Given information below:

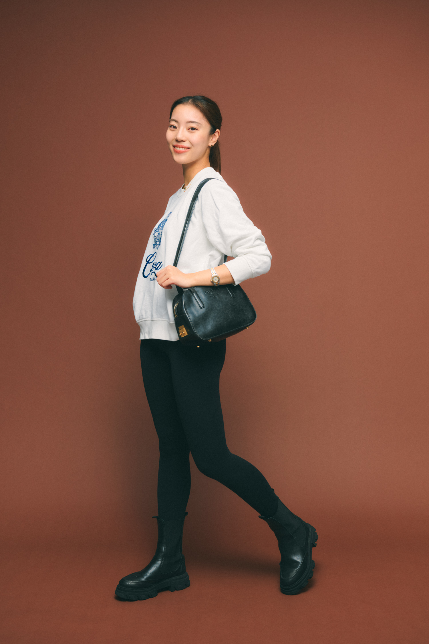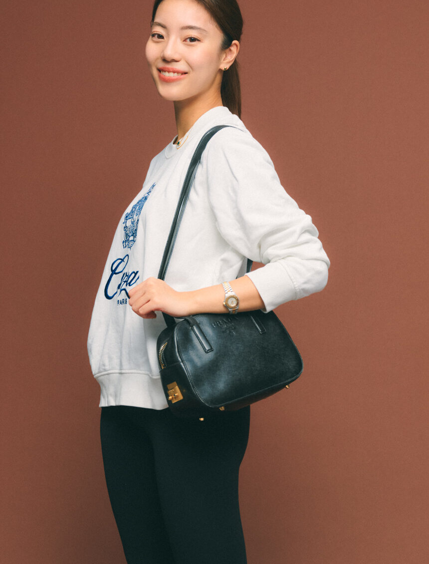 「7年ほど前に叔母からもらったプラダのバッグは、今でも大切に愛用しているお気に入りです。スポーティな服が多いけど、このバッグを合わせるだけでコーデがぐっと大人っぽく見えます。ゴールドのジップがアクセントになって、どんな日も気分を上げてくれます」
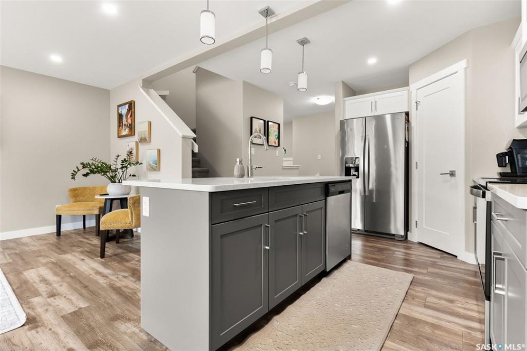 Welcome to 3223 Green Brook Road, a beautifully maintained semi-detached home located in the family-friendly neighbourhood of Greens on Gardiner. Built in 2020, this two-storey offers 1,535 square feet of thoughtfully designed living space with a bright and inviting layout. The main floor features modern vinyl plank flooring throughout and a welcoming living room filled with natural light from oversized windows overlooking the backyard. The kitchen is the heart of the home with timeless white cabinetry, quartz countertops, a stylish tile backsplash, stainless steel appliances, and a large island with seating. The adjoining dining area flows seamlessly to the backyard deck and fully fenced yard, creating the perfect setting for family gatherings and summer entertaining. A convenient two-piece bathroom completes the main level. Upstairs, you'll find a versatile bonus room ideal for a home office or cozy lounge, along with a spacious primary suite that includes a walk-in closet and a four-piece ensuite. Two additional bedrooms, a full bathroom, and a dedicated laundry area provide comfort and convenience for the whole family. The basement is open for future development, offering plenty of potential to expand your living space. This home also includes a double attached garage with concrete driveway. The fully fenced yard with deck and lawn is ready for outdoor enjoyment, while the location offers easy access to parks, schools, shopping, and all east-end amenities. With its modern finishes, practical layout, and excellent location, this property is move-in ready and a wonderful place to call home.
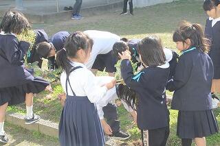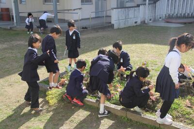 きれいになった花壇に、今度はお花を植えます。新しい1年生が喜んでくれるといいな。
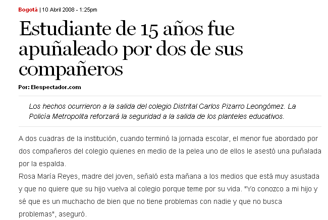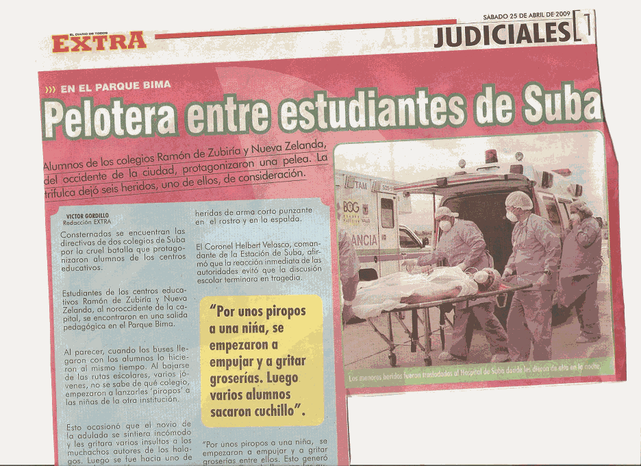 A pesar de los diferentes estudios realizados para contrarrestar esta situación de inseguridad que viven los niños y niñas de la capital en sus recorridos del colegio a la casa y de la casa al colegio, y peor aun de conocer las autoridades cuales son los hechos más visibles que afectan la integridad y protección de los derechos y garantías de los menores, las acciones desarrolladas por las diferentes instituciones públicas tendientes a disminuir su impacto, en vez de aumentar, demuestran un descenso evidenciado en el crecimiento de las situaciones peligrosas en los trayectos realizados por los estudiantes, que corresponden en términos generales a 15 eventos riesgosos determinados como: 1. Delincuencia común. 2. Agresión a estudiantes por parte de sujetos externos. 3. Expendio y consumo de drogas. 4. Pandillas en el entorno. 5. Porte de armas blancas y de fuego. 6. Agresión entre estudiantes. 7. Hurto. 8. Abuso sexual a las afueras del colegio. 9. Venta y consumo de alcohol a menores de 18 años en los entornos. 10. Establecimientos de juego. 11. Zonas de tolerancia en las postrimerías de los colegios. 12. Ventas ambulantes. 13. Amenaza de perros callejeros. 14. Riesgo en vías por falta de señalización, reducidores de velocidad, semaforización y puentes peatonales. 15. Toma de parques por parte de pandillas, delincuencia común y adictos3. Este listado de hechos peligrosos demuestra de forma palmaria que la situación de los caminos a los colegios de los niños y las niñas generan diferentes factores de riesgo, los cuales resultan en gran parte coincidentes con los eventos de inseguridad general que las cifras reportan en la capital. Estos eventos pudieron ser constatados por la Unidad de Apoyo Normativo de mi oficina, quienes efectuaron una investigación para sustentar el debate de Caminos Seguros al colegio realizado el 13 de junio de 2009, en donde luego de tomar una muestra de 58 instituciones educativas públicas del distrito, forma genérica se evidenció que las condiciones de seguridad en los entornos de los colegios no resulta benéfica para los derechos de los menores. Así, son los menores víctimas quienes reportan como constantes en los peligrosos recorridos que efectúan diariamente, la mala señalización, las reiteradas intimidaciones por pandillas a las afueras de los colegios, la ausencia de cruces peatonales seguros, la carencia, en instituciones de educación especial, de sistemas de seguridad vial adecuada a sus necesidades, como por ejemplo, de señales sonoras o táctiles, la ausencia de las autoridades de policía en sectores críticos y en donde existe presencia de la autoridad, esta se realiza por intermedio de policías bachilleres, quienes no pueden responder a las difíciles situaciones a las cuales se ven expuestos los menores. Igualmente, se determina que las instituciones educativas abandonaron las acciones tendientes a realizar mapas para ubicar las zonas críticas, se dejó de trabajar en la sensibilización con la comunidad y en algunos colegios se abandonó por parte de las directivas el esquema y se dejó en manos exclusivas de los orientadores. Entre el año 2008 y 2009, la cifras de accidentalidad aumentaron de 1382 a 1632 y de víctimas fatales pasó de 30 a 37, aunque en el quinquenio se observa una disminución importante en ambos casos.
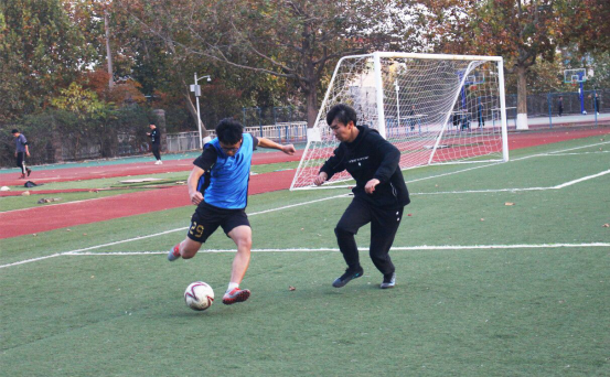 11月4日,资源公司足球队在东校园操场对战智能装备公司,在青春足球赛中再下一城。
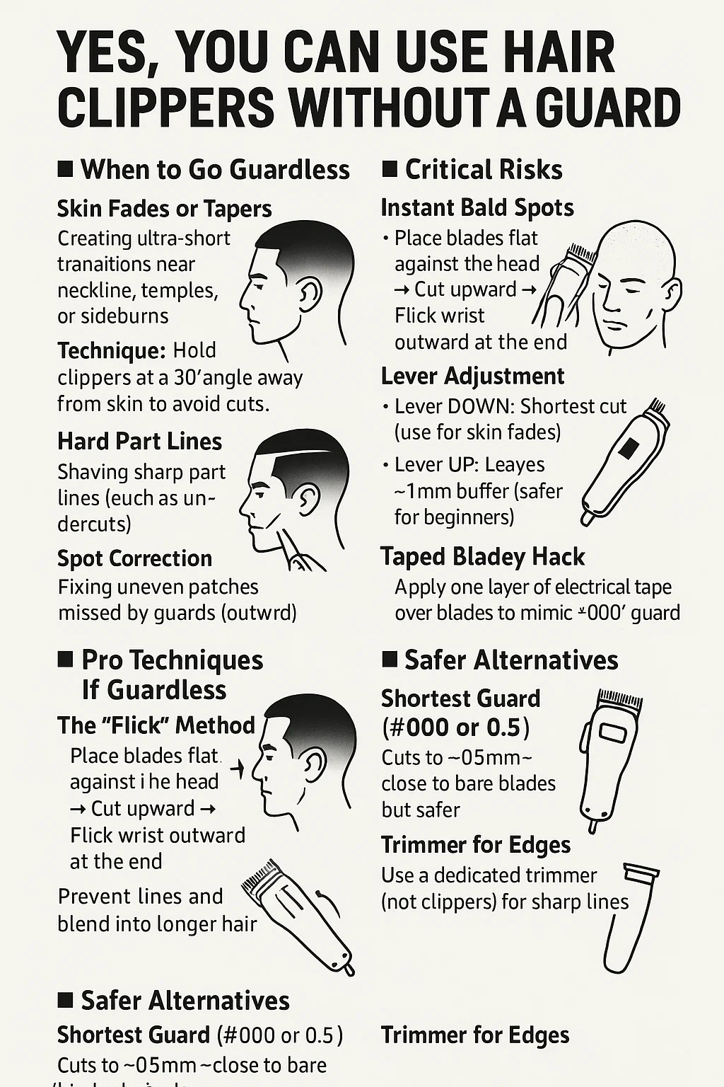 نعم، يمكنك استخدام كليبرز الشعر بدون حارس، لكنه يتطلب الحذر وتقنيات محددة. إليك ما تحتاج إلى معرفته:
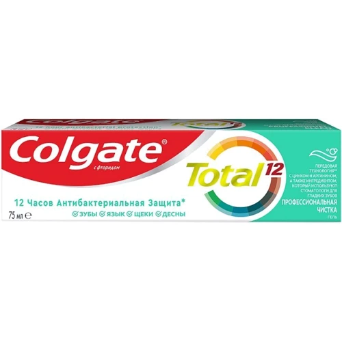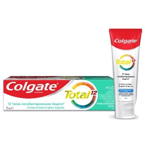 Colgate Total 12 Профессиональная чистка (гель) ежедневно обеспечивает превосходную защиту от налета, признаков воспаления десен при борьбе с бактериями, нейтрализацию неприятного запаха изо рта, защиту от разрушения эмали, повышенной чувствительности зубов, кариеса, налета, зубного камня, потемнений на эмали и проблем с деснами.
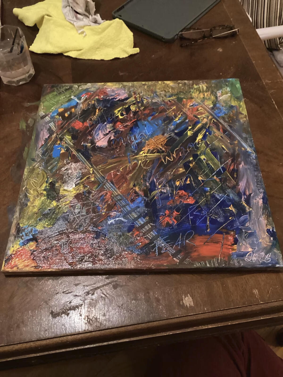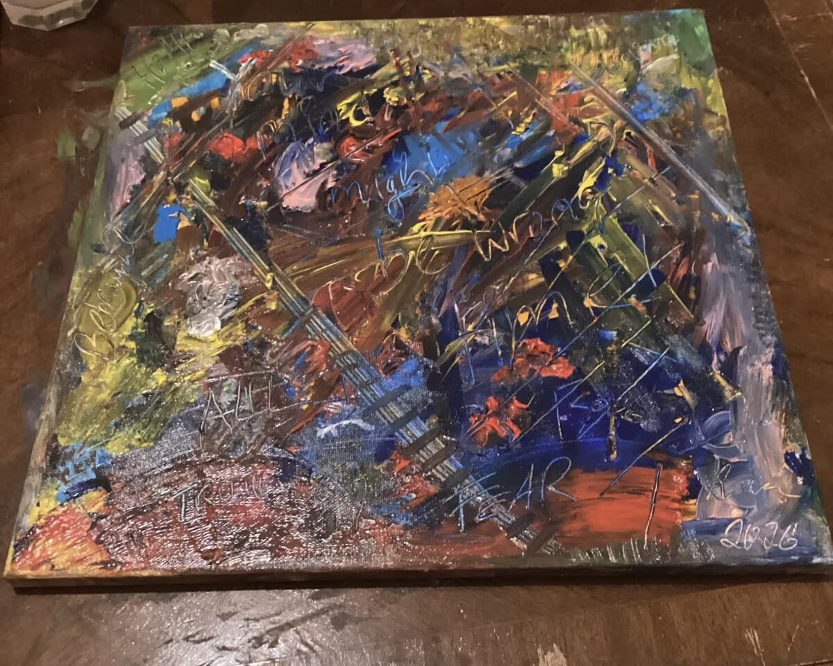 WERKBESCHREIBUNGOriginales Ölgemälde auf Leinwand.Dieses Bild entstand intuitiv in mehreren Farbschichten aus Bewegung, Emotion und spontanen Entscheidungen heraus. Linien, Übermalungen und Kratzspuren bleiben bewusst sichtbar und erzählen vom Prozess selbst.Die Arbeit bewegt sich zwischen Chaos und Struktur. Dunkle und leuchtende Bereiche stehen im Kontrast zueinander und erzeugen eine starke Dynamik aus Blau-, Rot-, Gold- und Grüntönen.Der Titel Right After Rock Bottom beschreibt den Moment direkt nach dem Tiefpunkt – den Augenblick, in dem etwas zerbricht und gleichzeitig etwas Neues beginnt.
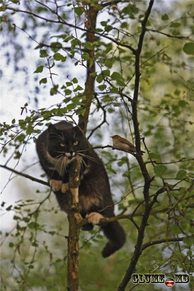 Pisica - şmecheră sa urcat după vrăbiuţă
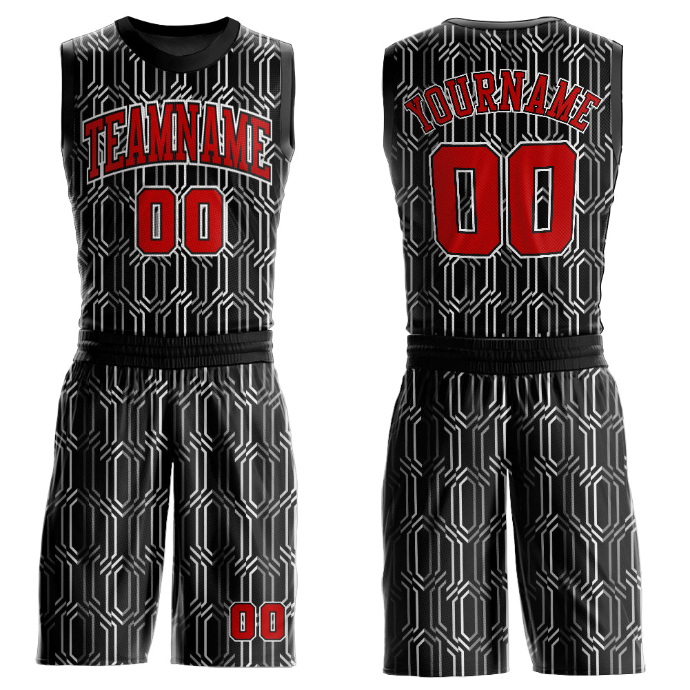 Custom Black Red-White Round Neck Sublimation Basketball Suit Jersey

End of Given information.

> **Problem statement**:
Take the lines above starting at the one containing "11月4日,资源公司足球队在" and ending at the one containing "Colgate Total 12", and print them again exactly, without pictures.

> **Completed task**:
 11月4日,资源公司足球队在东校园操场对战智能装备公司,在青春足球赛中再下一城。
 نعم، يمكنك استخدام كليبرز الشعر بدون حارس، لكنه يتطلب الحذر وتقنيات محددة. إليك ما تحتاج إلى معرفته:
 Colgate Total 12 Профессиональная чистка (гель) ежедневно обеспечивает превосходную защиту от налета, признаков воспаления десен при борьбе с бактериями, нейтрализацию неприятного запаха изо рта, защиту от разрушения эмали, повышенной чувствительности зубов, кариеса, налета, зубного камня, потемнений на эмали и проблем с деснами.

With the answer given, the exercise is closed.